Task.
Only the lines from the one containing "and re-arranged in" through the last line of the material should be copied, exactly as written and without pictures.

Exercise inputs.
Segment Open

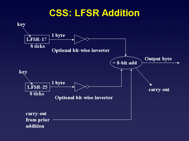 Invert Output of LFSR? Mode LFSR-17 LFSR-25 Authentication Yes No Session Key No No Title Key No Yes Data Yes No The slide below shows the process, including the LFSRs, inverters, and addition. Please remember that each inverter is only enabled in those modes noted as "yes" in the table above:
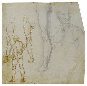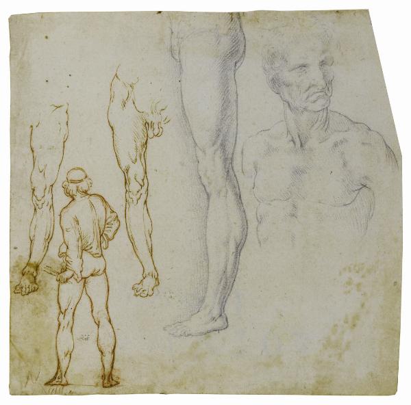 - NOTIZIE STORICO CRITICHE Pur nelle sue piccole dimensioni il foglio - ascrivile alla bottega di Leonardo - è servito come supporto per la registrazione di diversi studi, alcuni copia da disegni originali del maestro. Al recto: i modelli per le due gambe a sinistra possono rintracciarsi in altrettanti disegni oggi nelle collezioni reali britanniche a Windsor Castle (inv. 919130v. e 919136v., circa 1490); la gamba a matita nera al centro del foglio è copiata da uno studio conservato a Londra al British Museum (inv. 1886,0609.41, 1506-1510 circa); la figura di spalle che brandisce qualcosa nella mano sinistra è derivata, ancorché in maniera speculare, da due disegni della Biblioteca Reale di Torino, entrambi in relazione con la Battaglia di Cascina (inv. 15577 D.C. e inv. 15650 D.C.; 1505-1508 circa). Infine nel busto maschile sulla destra si vede il riflesso di alcuni studi tardi sull'anatomia di un vecchio, sempre a Windsor Castle (inv. 919003r. e 919001v.), del 1510-1511. \nDesta interesse nella parte sinistra del disegno la tecnica esecutiva, con una prima stesura a matita rossa che poi è stata sommariamente ripassata a penna. Tale traccia è ben riconoscibile nella figura di spalle ma è presente anche nella gamba a destra di questa, un dettaglio che si caratterizza per l'ombreggiatura dall'andamento sinistrorso, tratto peculiare dell'opera grafica di Leonardo. In questa prima stesura a matita rossa potrebbe forse leggersi un intervento di mano del maestro rinforzato da un allievo, come si vede in diversi suoi disegni. Così Marani 2019: "Se non fosse per la fermezza e la mancanza di vibrazione del disegno della gamba con tratteggio sinistrorso, si sarebbe quasi tentati di considerarlo la ripassatura a penna di un disegno a gessetto rosso sottostante di mano di Leonardo (?)". Al verso: in alto a matita è tracciata la scritta SALV[A]TOR MVNDI, in basso si riconosce lo studio per una manica. All'anonimo autore (o forse agli autori) del disegno va il merito di aver fissato in una sola immagine una copia di particolari anatomici e di figure che Leonardo ha elaborato in un arco temporale di almeno vent'anni e che egli metteva evidentemente a disposizione degli allievi all'interno della sua bottega, per il loro personale studio. La cronologia degli originali di Leonardo copiati al recto del foglio (databili tra il 1490 e il 1510/1511 circa) fornisce strumenti per la cronologia del nostro disegno, suggerendo una datazione poco dopo il 1510, mentre studi precedenti avevano fissato l'epoca di esecuzione del progetto iconografico del Salvator Mundi sullo scorcio del Quattrocento.\nEsposto al Castello Sforzesco di Milano dal 24 gennaio al 19 aprile 2020 (L'atelier di Leonardo e il Salvator Mundi, senza catalogo, per una lista delle opere cfr. il PDF allegato).
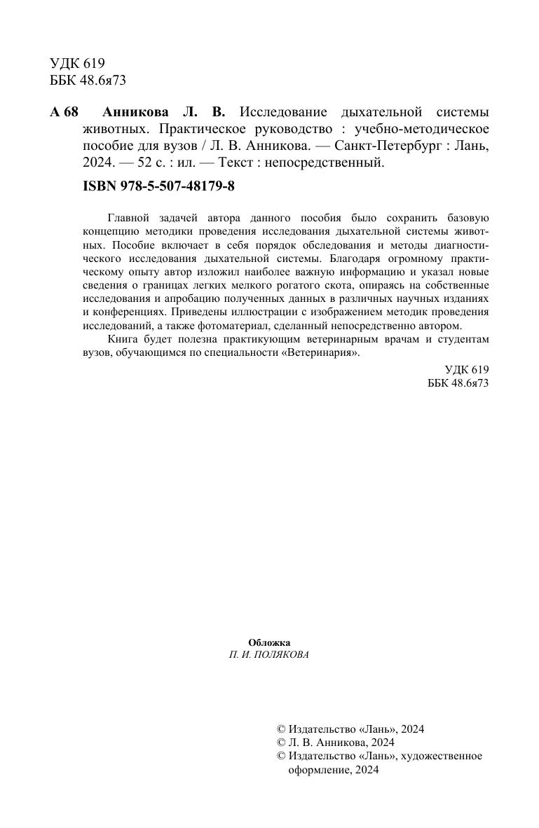 Главной задачей автора данного пособия было сохранить базовую концепцию методики проведения исследования дыхательной системы животных. Пособие включает в себя порядок обследования и методы диагностического исследования дыхательной системы. Благодаря огромному практическому опыту автор изложил наиболее важную информацию и указал новые сведения о границах легких мелкого рогатого скота, опираясь на собственные исследования и апробацию полученных данных в различных научных изданиях и конференциях. Приведены иллюстрации с изображением методик проведения исследований, а также фотоматериал, сделанный непосредственно автором. Книга будет полезна практикующим ветеринарным врачам и студентам вузов, обучающимся по специальности «Ветеринария».
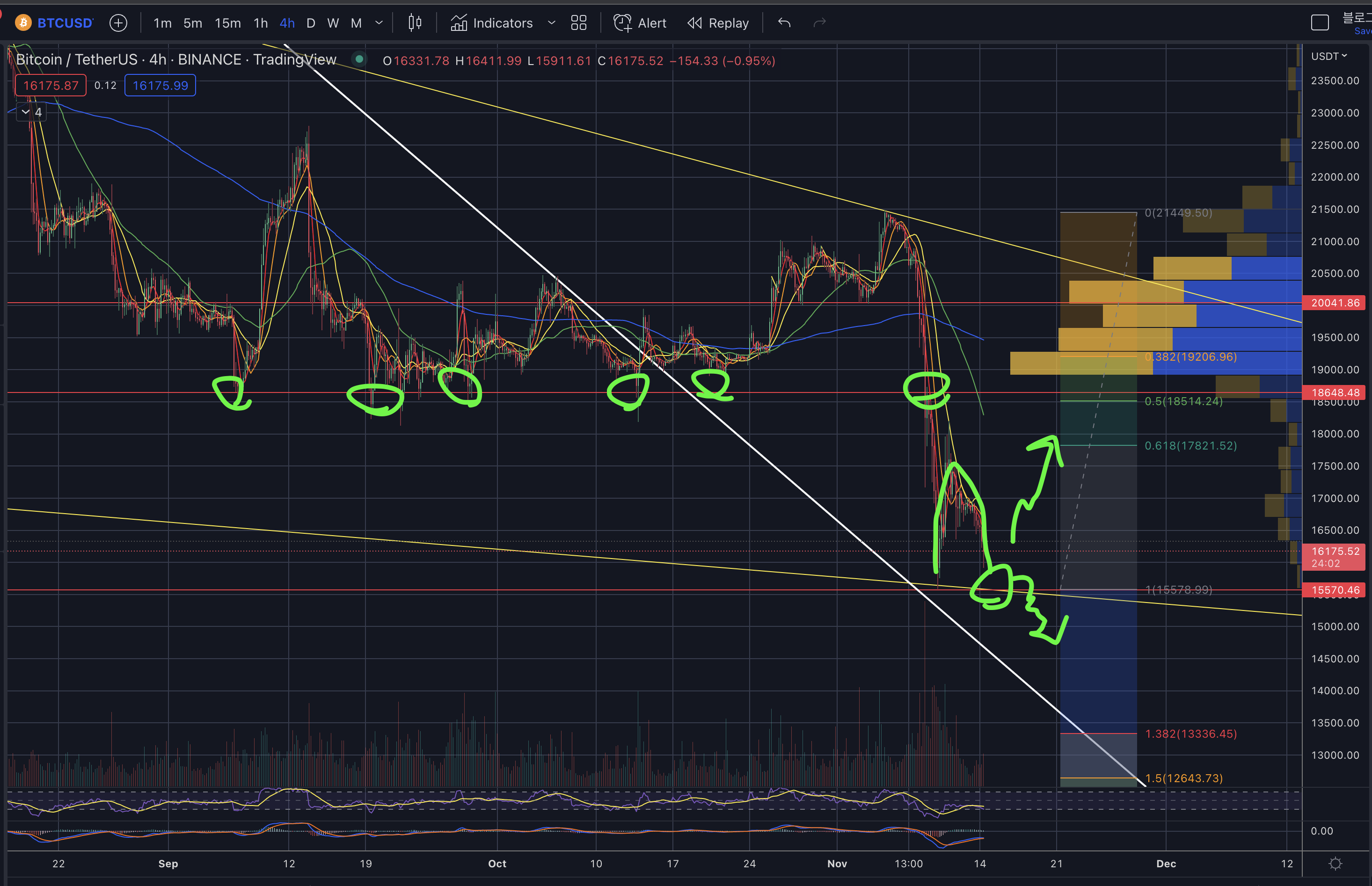 - 현재 보시는 차트는 11월 14일 기준 4시간 봉입니다. 현재 기준으로는 15.5k가 쌍바닥을 형성하려고 하고 있습니다.
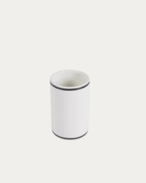 Portacepillos Arminda de cerámica blanco y detalle negro
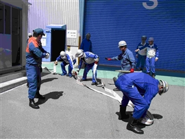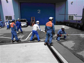 倉庫火災を想定した消火訓練を行いました。
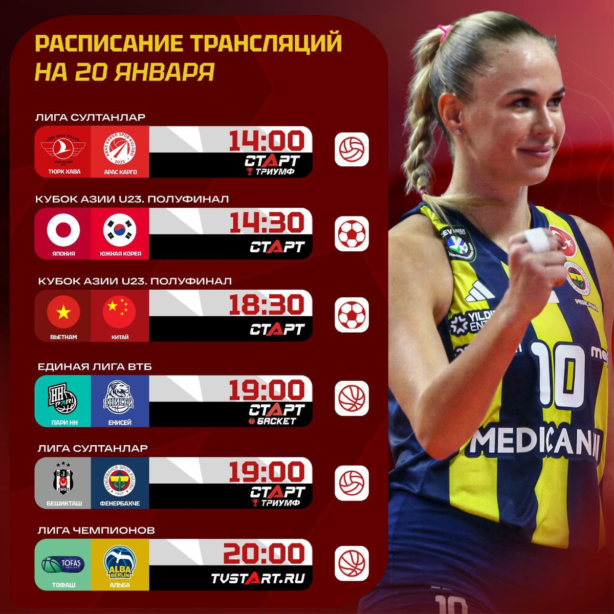 ! Сегодня узнаем финалистов молодежного Кубка Азии, посмотрим стамбульское дерби в Лиге Султанлар, а также начнем второй групповой этап баскетбольной Лиги Чемпионов. Также не забываем и про волейбольную. Оставайтесь весь день на телеканалах «Старт» и платформе TVSTART.RU 🖥 🛒 Наше приложение в Google Play 💙 Наше приложение в RuStore 🛒 Наше приложение в App Store
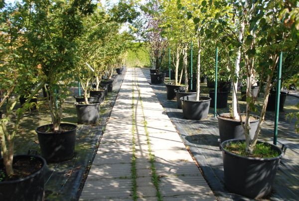 Werden mehrere Sträucher oder Bäume nebeneinander gepflanzt, muss auf einen angemessenen Abstand geachtet werden. In der Baumschule ist der Abstand zwischen den Gehölzen ein Qualitätskriterium. Stehen die Gehölze zu eng bei einander, behindert das ihre Entwicklung - das gilt ebenso im Garten.
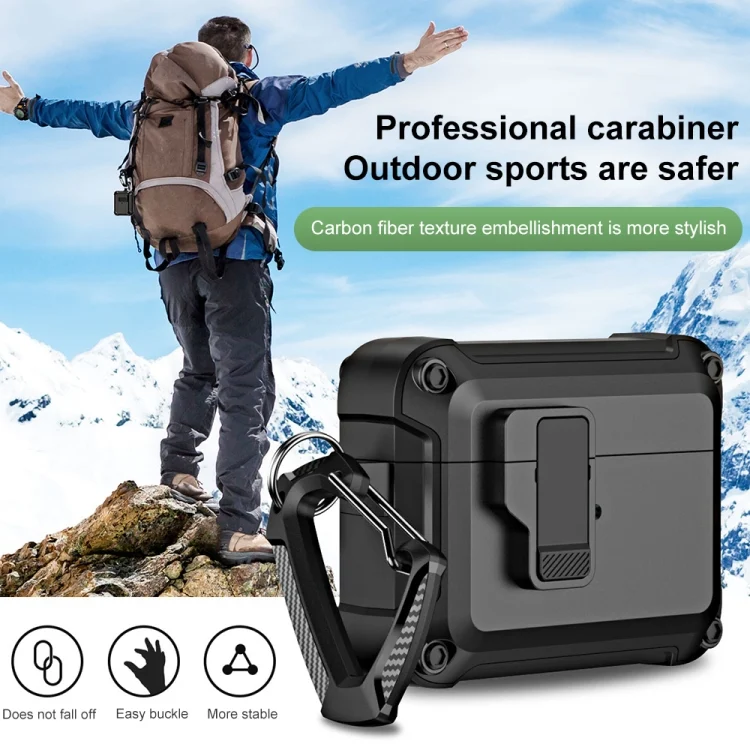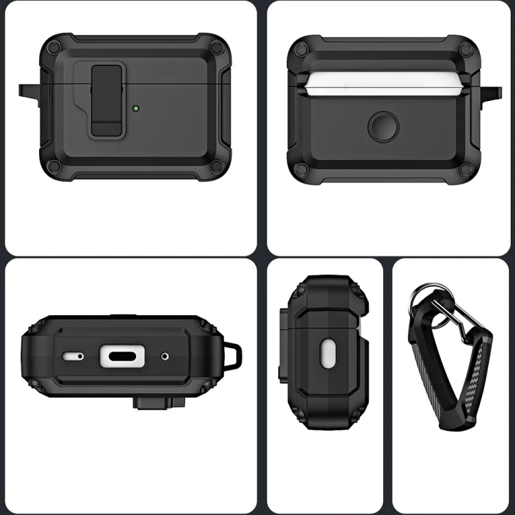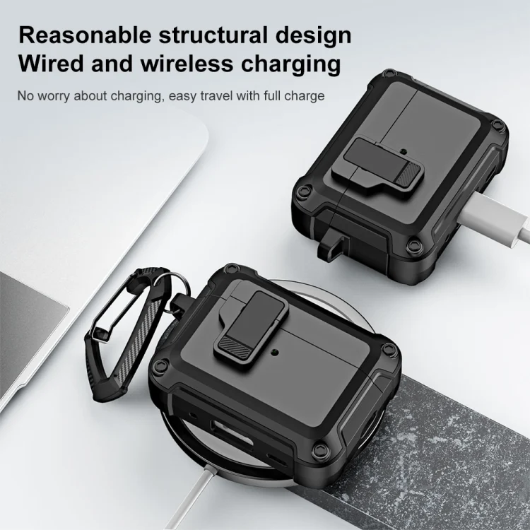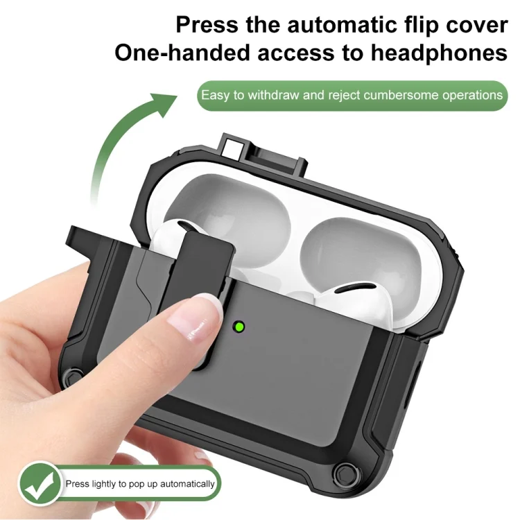 TPU + PC Wireless Bluetooth Earphone Protective Case with Switch Lock & Hook, For AirPods Pro 2
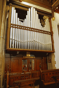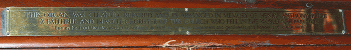 One of the plaques, above, reads, "This organ was cleaned, repaired, and re-arranged in
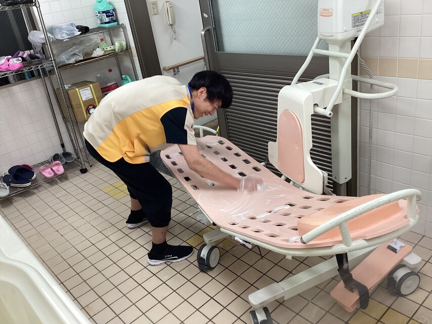 施設では日々の介護業務はもちろん、新入職員への介護技術の指導や介護現場のリーダーとして円滑に職員が業務を行えるようバックアップしています!他にもレクリエーションの企画・開催等も担当しています!
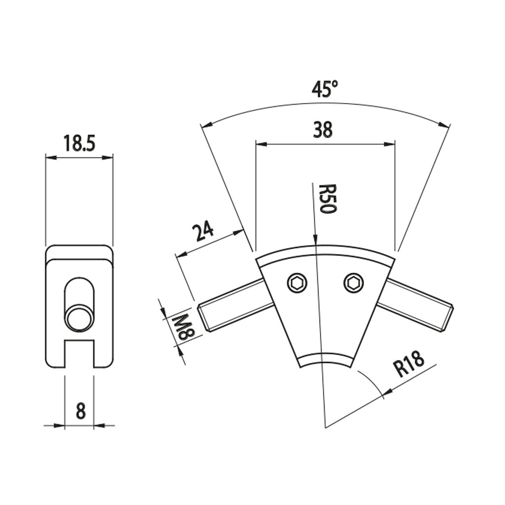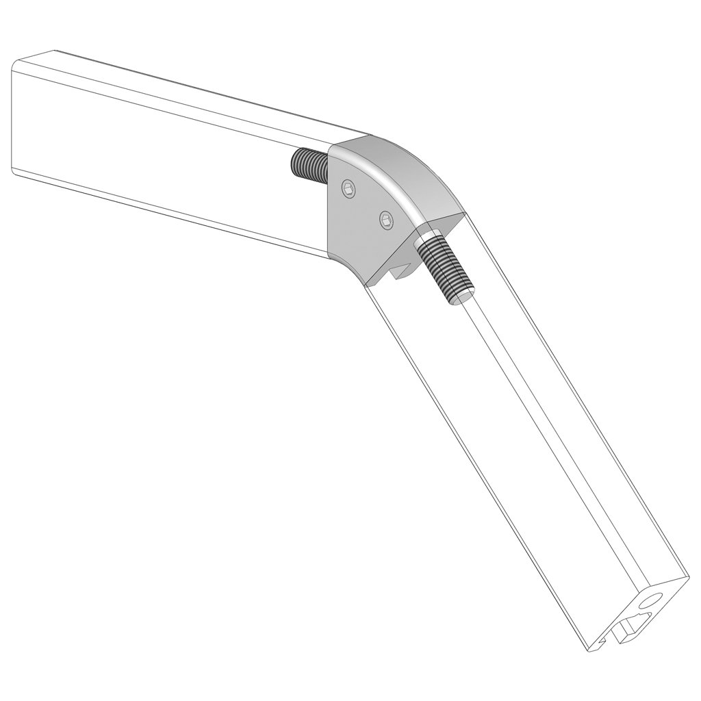 Úhlová spojka pro spojování profilů série AC 45-8 s řezem 18,5x32 pod úhlem 45°.

Segment Closed

Written solution.
 One of the plaques, above, reads, "This organ was cleaned, repaired, and re-arranged in
 施設では日々の介護業務はもちろん、新入職員への介護技術の指導や介護現場のリーダーとして円滑に職員が業務を行えるようバックアップしています!他にもレクリエーションの企画・開催等も担当しています!
 Úhlová spojka pro spojování profilů série AC 45-8 s řezem 18,5x32 pod úhlem 45°.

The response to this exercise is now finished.